* WHAT YOU ARE ASKED TO DO *
Write out exactly the lines below starting at the one containing "Agere Allegro Altera" and ending at the one containing "圖7為黃浦江原水,前后加二氧". Omit every picture.

* RECORDED INFORMATION *
• • •

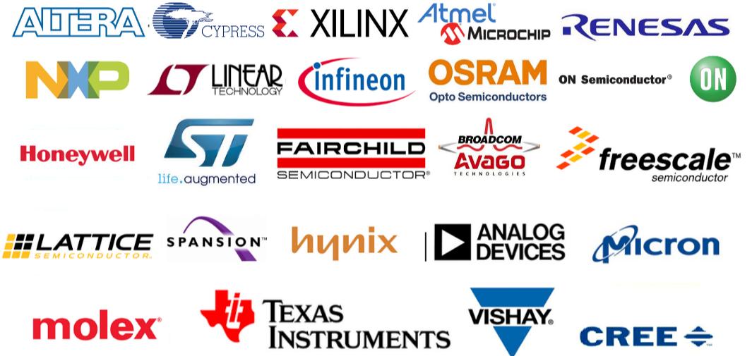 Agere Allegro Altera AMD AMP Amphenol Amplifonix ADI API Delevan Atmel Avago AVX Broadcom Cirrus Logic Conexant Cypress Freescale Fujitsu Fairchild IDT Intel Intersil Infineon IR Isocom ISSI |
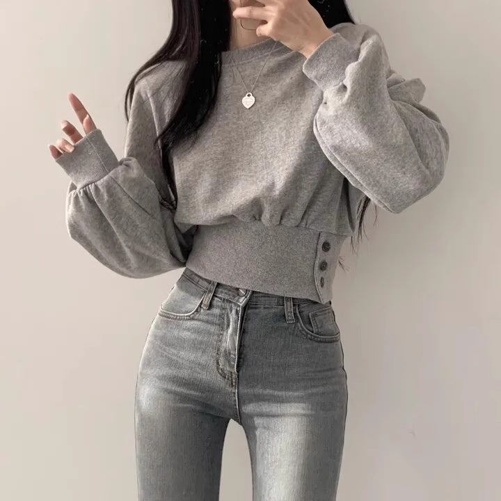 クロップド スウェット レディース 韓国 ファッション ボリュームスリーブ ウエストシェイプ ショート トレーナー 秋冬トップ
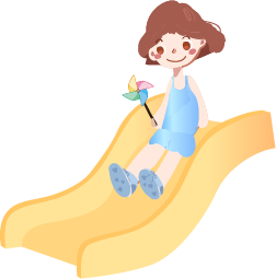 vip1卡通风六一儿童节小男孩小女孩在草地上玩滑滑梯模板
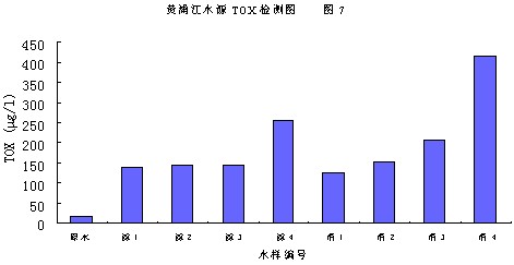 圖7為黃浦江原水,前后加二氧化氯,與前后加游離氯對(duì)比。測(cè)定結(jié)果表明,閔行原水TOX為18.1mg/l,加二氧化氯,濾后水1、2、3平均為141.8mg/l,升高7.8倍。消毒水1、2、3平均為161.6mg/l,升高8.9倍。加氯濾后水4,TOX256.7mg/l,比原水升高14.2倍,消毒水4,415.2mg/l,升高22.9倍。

• • •

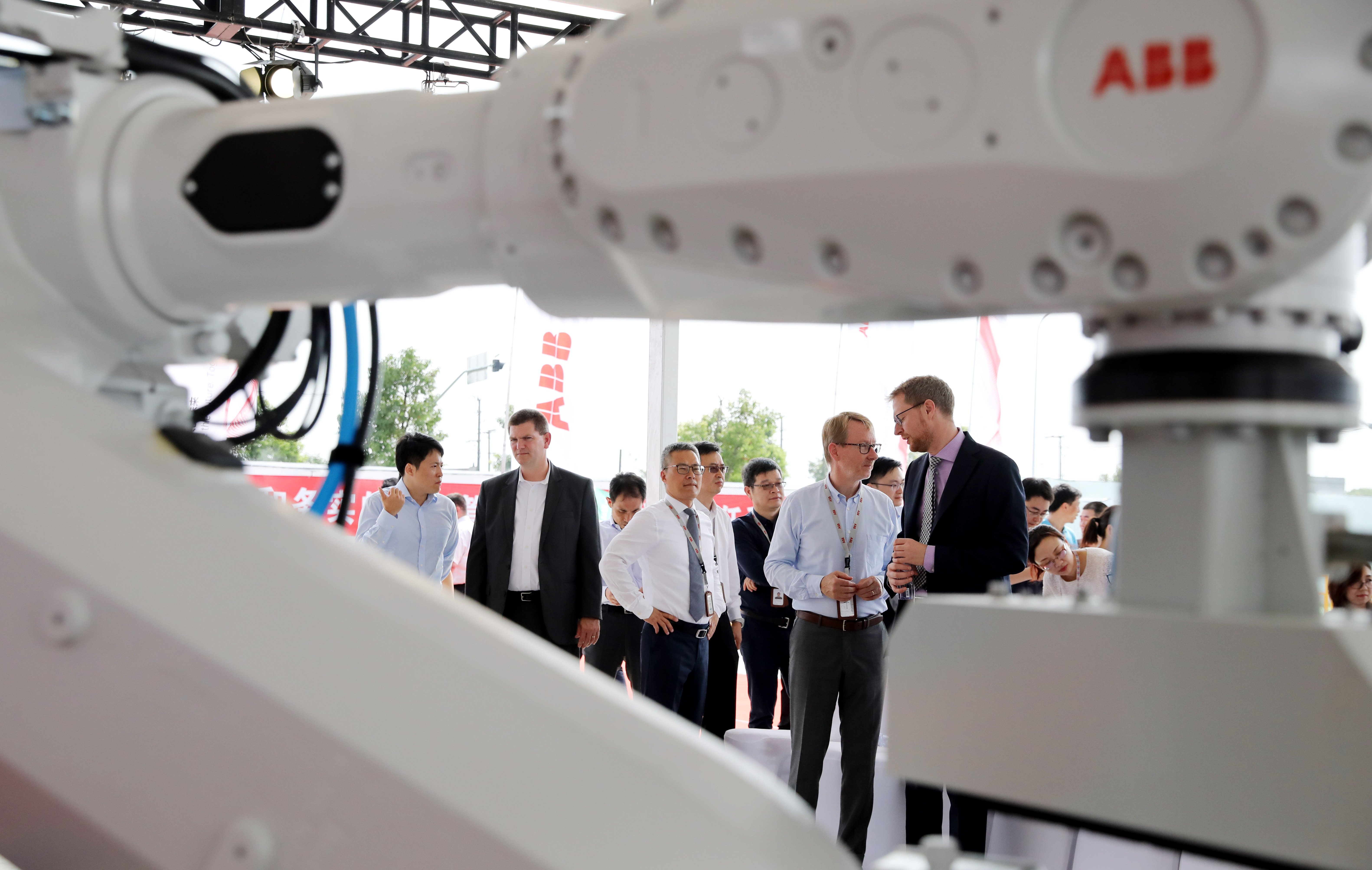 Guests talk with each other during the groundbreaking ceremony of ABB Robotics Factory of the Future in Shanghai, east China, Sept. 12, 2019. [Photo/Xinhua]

• • •

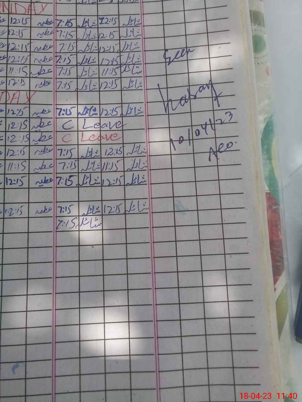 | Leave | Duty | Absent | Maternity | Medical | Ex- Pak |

• • •

* EXERCISE OUTPUT *
 Agere Allegro Altera AMD AMP Amphenol Amplifonix ADI API Delevan Atmel Avago AVX Broadcom Cirrus Logic Conexant Cypress Freescale Fujitsu Fairchild IDT Intel Intersil Infineon IR Isocom ISSI |
 クロップド スウェット レディース 韓国 ファッション ボリュームスリーブ ウエストシェイプ ショート トレーナー 秋冬トップ
 vip1卡通风六一儿童节小男孩小女孩在草地上玩滑滑梯模板
 圖7為黃浦江原水,前后加二氧化氯,與前后加游離氯對(duì)比。測(cè)定結(jié)果表明,閔行原水TOX為18.1mg/l,加二氧化氯,濾后水1、2、3平均為141.8mg/l,升高7.8倍。消毒水1、2、3平均為161.6mg/l,升高8.9倍。加氯濾后水4,TOX256.7mg/l,比原水升高14.2倍,消毒水4,415.2mg/l,升高22.9倍。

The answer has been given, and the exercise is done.